WHAT IS BEING ASKED:
Return the run of lines below that opens with the line containing "Women Long Sleeve" and closes with the line containing "バージョン 6.1 以降では、アーカイブ用に", keeping each one exact.

PROVIDED DATA:
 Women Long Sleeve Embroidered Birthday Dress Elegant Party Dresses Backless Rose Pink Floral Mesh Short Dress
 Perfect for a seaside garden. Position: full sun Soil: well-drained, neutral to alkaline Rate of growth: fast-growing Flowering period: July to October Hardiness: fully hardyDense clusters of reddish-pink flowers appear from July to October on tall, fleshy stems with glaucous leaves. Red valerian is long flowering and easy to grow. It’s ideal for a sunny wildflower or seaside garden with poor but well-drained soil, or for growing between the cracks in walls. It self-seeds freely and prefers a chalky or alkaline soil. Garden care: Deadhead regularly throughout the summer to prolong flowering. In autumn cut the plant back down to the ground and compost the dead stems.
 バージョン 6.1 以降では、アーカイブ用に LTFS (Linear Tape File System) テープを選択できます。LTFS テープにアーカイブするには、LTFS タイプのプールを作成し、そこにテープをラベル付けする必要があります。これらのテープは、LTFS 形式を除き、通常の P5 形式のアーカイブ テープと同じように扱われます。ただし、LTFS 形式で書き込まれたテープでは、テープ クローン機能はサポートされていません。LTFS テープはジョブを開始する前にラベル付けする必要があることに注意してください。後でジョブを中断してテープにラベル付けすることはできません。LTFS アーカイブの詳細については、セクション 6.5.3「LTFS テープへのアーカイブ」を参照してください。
...
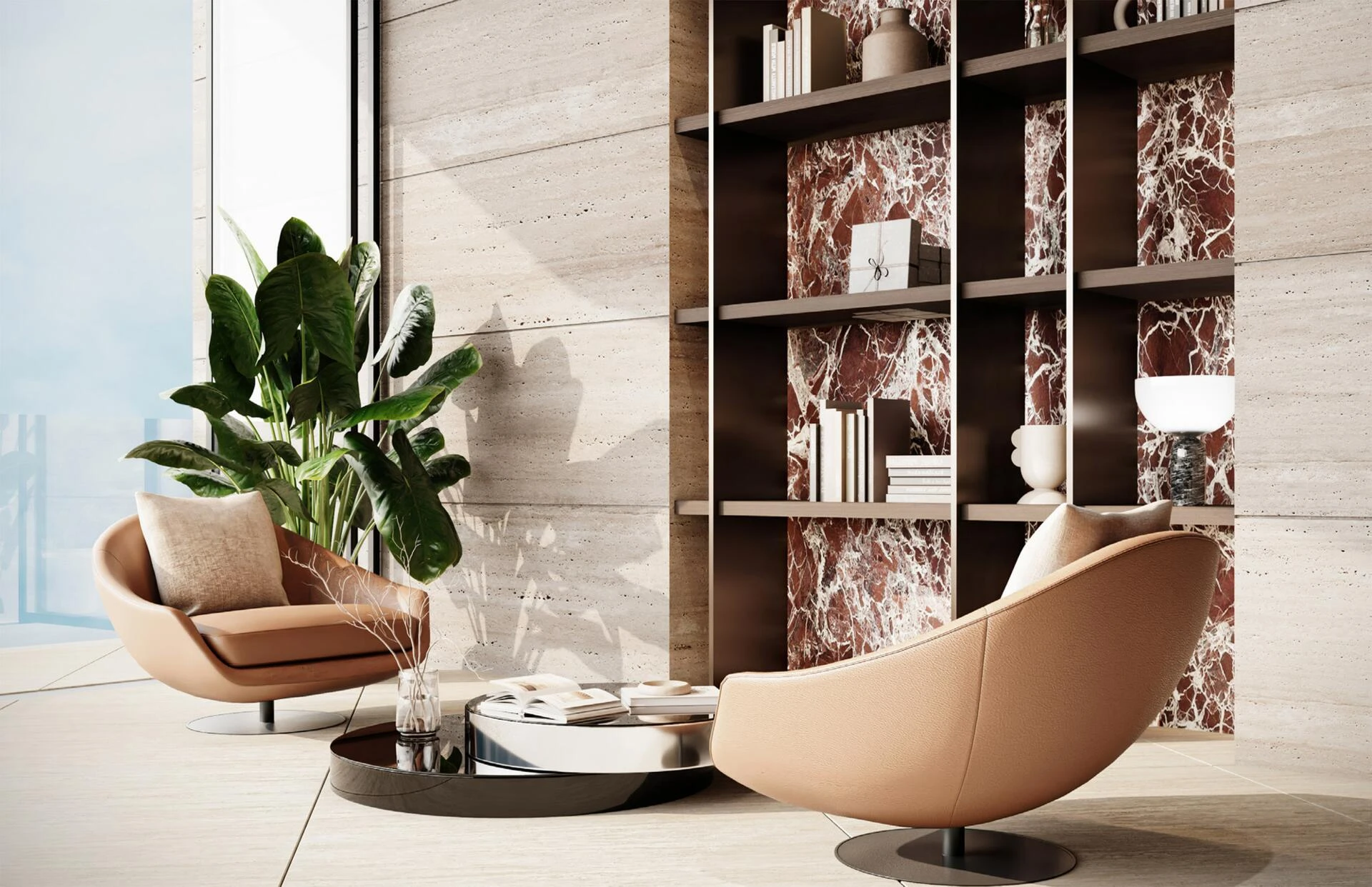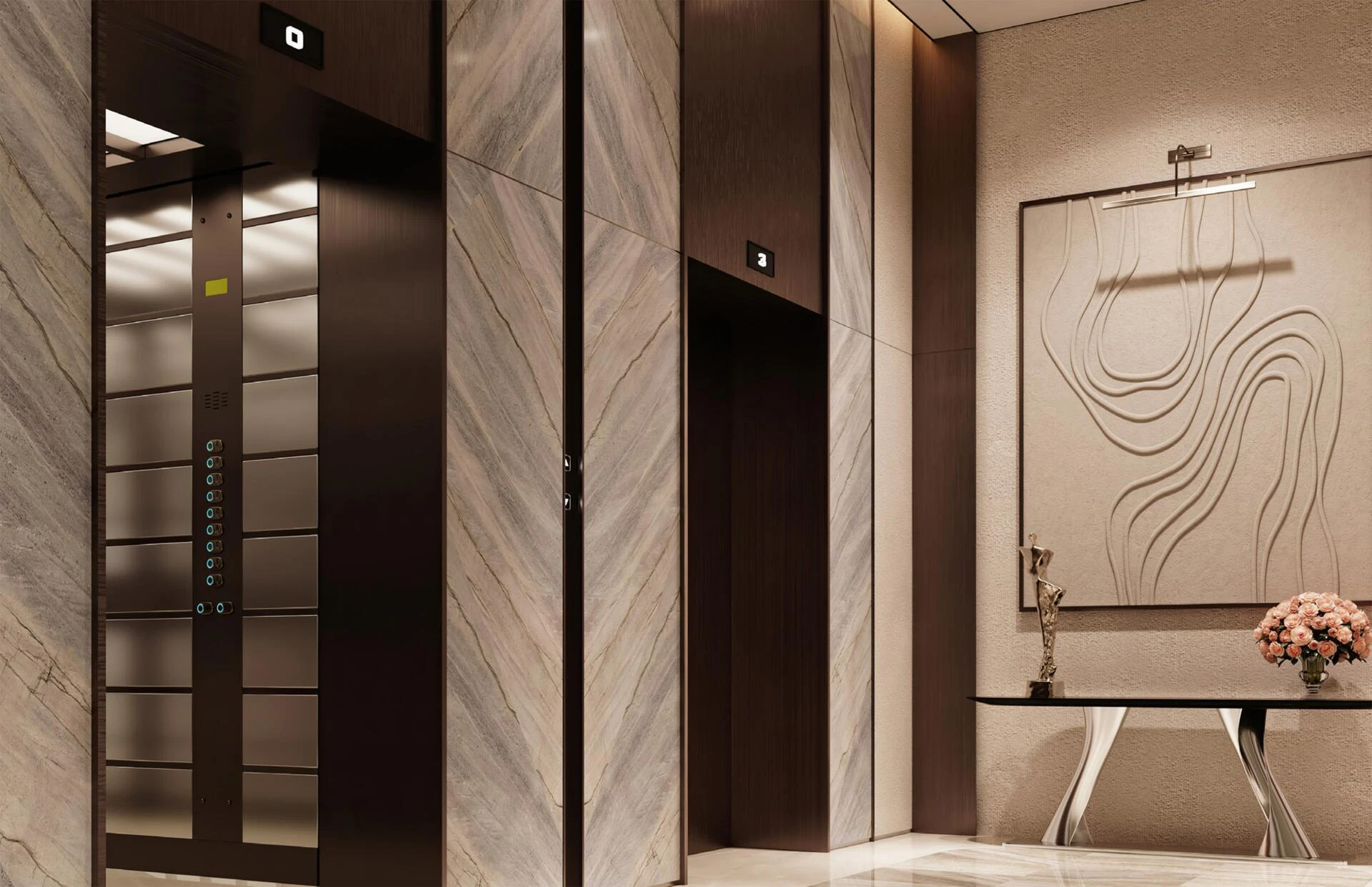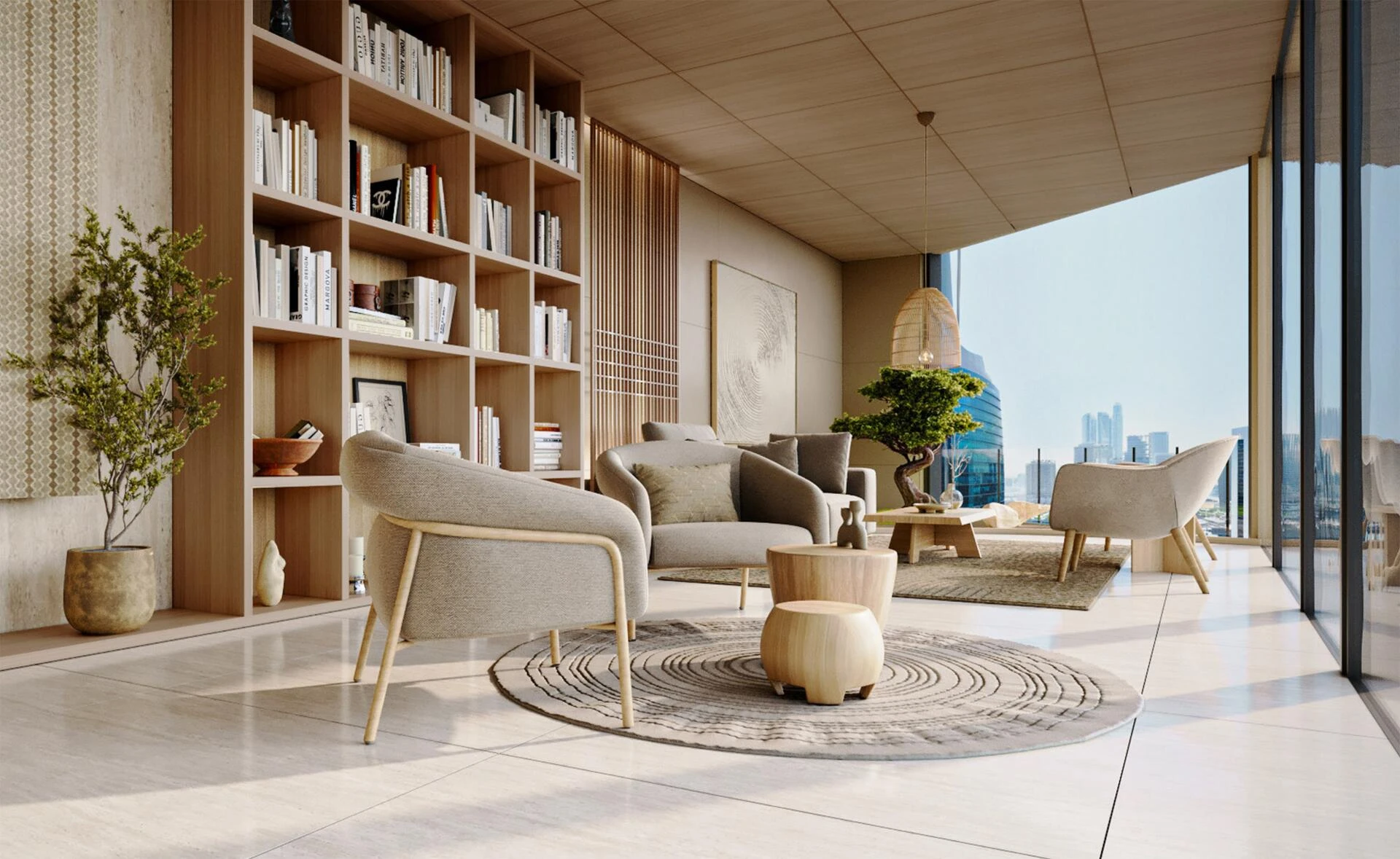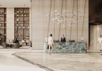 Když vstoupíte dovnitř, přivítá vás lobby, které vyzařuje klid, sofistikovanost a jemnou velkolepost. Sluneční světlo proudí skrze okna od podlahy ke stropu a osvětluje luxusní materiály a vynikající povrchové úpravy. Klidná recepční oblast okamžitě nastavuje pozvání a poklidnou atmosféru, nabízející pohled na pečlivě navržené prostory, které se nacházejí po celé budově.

EXERCISE ANSWER:
 Women Long Sleeve Embroidered Birthday Dress Elegant Party Dresses Backless Rose Pink Floral Mesh Short Dress
 Perfect for a seaside garden. Position: full sun Soil: well-drained, neutral to alkaline Rate of growth: fast-growing Flowering period: July to October Hardiness: fully hardyDense clusters of reddish-pink flowers appear from July to October on tall, fleshy stems with glaucous leaves. Red valerian is long flowering and easy to grow. It’s ideal for a sunny wildflower or seaside garden with poor but well-drained soil, or for growing between the cracks in walls. It self-seeds freely and prefers a chalky or alkaline soil. Garden care: Deadhead regularly throughout the summer to prolong flowering. In autumn cut the plant back down to the ground and compost the dead stems.
 バージョン 6.1 以降では、アーカイブ用に LTFS (Linear Tape File System) テープを選択できます。LTFS テープにアーカイブするには、LTFS タイプのプールを作成し、そこにテープをラベル付けする必要があります。これらのテープは、LTFS 形式を除き、通常の P5 形式のアーカイブ テープと同じように扱われます。ただし、LTFS 形式で書き込まれたテープでは、テープ クローン機能はサポートされていません。LTFS テープはジョブを開始する前にラベル付けする必要があることに注意してください。後でジョブを中断してテープにラベル付けすることはできません。LTFS アーカイブの詳細については、セクション 6.5.3「LTFS テープへのアーカイブ」を参照してください。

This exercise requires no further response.